Drought, some hail, and even some grasshoppers wiped out a lot of pastures and damaged many acres of row crops this summer. Maybe you had to stretch your forage supplies to the limit to feed your cattle. But now you have a new source of feed because you chopped drought damaged corn or beans or some other crop early for silage.
If this describes you and your silage, don't be in a hurry to feed it. It could contain nitrates!
Many times, crops stressed by drought or other factors will contain high levels of nitrates. Making these crops into silage is one good way to reduce toxicity of these nitrates because the fermentation process usually reduces the nitrate content of this feed.
However, during the first few days of early fermentation the chopped forage begins to heat, converting those nitrates first into nitrites.
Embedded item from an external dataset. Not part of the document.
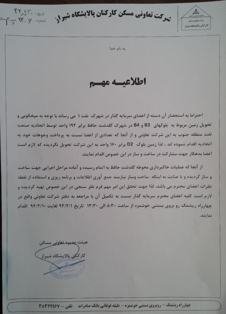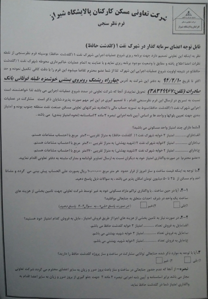 03 اردیبهشت آخرین اخبار اطلاعیه مهم نظرسنجی شهرک نفت 1394/02/03 توسط مدیریت سایت 0 دیدگاه پیرو اطلاعیه ذیل خواهشمند است سرمایه گذاران محترم شهرک نفت 1(گلدشت حافظ) در خصوص تکمیل و تحویل فرم های نظرسنجی اقدام لازم بعمل آورند....ادامه مطلب

And, nitrites are as much as ten times more poisonous to cattle than nitrates. Later, these nitrites are neutralized and converted into other compounds that make them less toxic.
So, if you feed your freshly chopped forage before it has completed its full fermentation cycle, you risk giving your cattle highly poisonous forage filled with nitrites.
This problem is avoided with two simple steps. First, wait three or four weeks after chopping before feeding fresh silage. And two, test your silage for nitrates before feeding. Then feed accordingly.
Having crops and pastures damaged by drought and hail is bad enough. Don't make it worse by feeding toxic silage to your cattle.